Chomsky would be a pretty tough sell as potus though because I think he literally believes that non-Americans are worth the same as Americans.
02-19-2017 , 12:09 PM
In the current climate the same would probably apply to any Western politician. Large portions of the electorate have turned very sour, giving up on hope and optimism in favour of staunch negativity and selfishness.
02-19-2017 , 12:13 PM
Quote:
Originally Posted by All-In Flynn
I'm trying to get you to unpack exactly what you mean by 'a religion', and what you mean by its being bad.
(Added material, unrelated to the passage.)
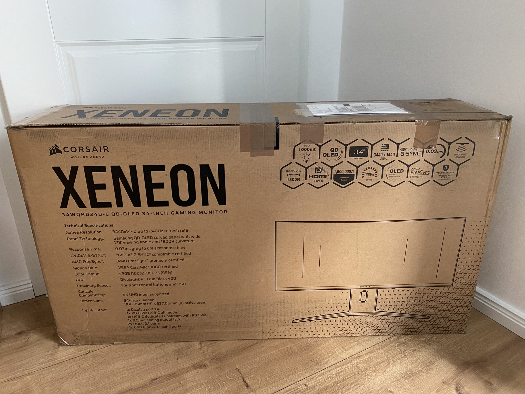Corsair sent me the new 34-inch ultrawide monitor, of course with the request that I take a look at it. The Corsair Xeneon 34WQHD240-C QD-OLED, everything you need to know is in the name. Screen diagonal 34″, resolution WQHD 3440 x 1440p, refresh rate 240 Hz and the C = Curved. However, when I saw the price of 1,350 euros, all the batteries flew out of my pacemaker! So today we’re going to embark on an interesting quest to find out to what extent the extra price of around €660 compared to my Samsung Odyssey OLED G8 (34 inch) might be justified.
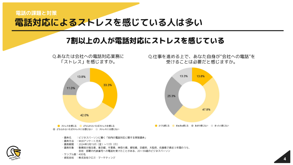 - 電話対応に関する従業員のストレス実態調査データ

You've pointed to the tenets of Islam, so I point to the tenets of Christianity - specifically, to how cultures under Christianity aren't producing the same results, despite featuring similar tenets. This suggests a slip between the cup of the religious texts and the lip of the cultures they occupy. Theory versus practice, in other words.
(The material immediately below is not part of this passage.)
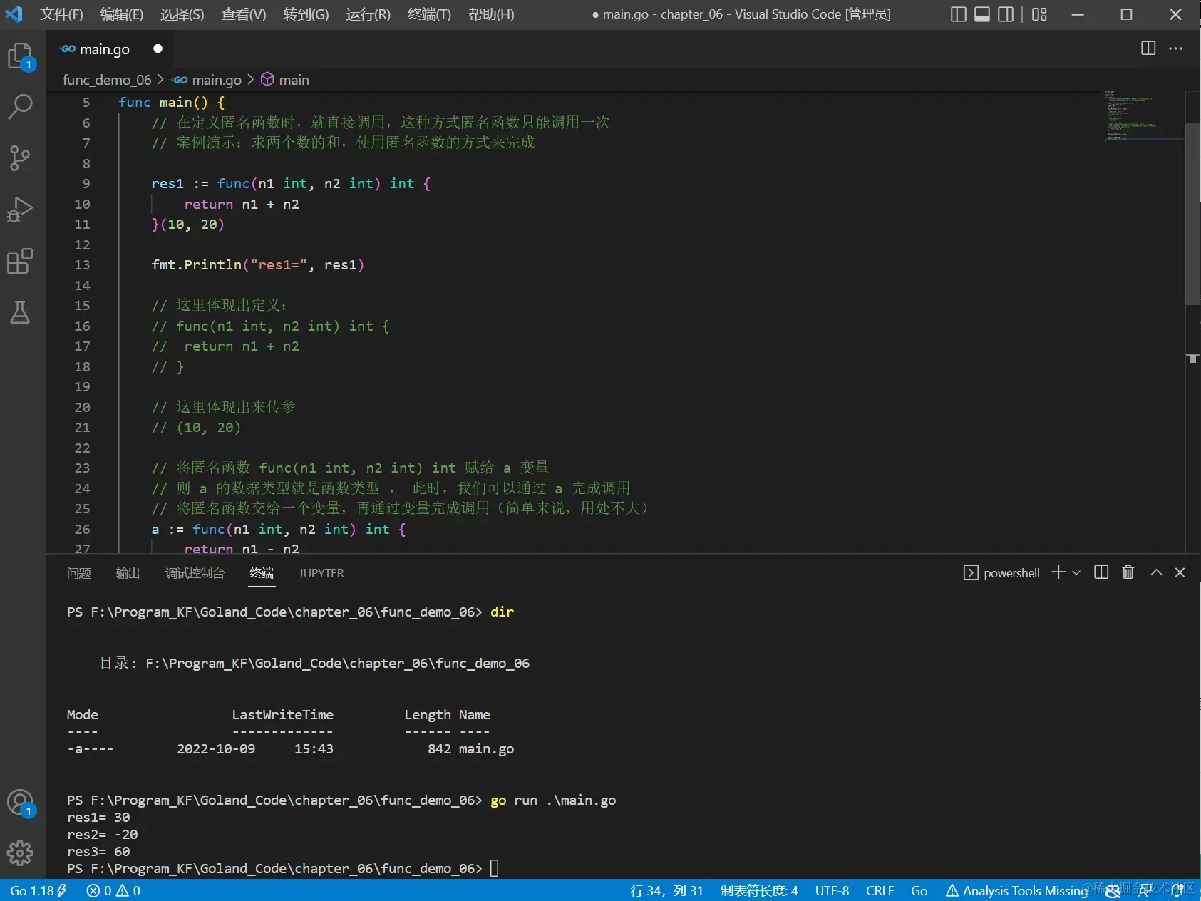 Go 支持匿名函数,如果我们某个函数只是希望使用一次,可以考虑使用匿名函数,匿名函数也可以实现多次调用。

You seem happy to agree that on paper, Christianity could produce equally objectionable results. You don't seem interested in considering whether that might mean that in practice, Islam could produce equally acceptable ones. Nor do you seem inclined to consider what the cause of those different results actually is. You seem to just keep bundling theory and practice into this one thing 'Religion' and noting that Islamic 'religions' are giving worse results. On balance, I don't think many ITF are apt to dispute that, so what's the point in endlessly going back to it? Particularly since it's not really addressing what I'm saying to you.
Of course Islam can be the practiced faith of a socially progressive society. There was a time the Islamic world was the front runner of scientific progress and in the 70s Iran was a socially forward county. Those are just two examples.

That is not the Islamic world of today.
02-19-2017 , 12:17 PM
Quote:
Originally Posted by Clovis8
Of course Islam can be the practiced faith of a socially progressive society. There was a time the Islamic world was the front runner of scientific progress and in the 70s Iran was a socially forward county. Those are just two examples.

That is not the Islamic world of today.
OK? So what changed? Not something innate to the texts, right? So you can see how it's ambiguous to talk in this way about 'religions' being 'worse' than each other. It's not properly describing reality.
02-19-2017 , 12:18 PM
Quote:
Originally Posted by einbert
I'm an atheist too. There is some pretty horrific stuff in the bible regarding women, that much I do know. I've found that in life you can't judge an entire religion based on the actions of a few. Hell, Evangelical Christianity would have to be judged to be totally morally bankrupt if you looked at who voted for who in the last election. But that doesn't change the fact that there are some Christians out there doing good work helping people, even if I disagree with them on many issues (like abortion, probably.)

There are billions of Muslims in the world, and the vast majority are totally peaceful people that cook food, go to work, go bowling, and take care of their kids.
From studies I read, most experts think there are around 100k radicalized Muslims in the world. That's like .000065 percent of the Muslim population. It's a lot more than the vast majority that are peaceful.
02-19-2017 , 12:24 PM
****

Wow, this is pretty hilarious.


Be careful, I went to this website and had a malware detection alert.

anyways, it is Trumps campaign site being hacked.

Last edited by Mike Haven; 02-19-2017 at 02:43 PM.
02-19-2017 , 12:25 PM
Quote:
Originally Posted by All-In Flynn
OK? So what changed? Not something innate to the texts, right? So you can see how it's ambiguous to talk in this way about 'religions' being 'worse' than each other. It's not properly describing reality.
Agreed and I did stipulate earlier in this discussion that theology is meaningless and only practice counts.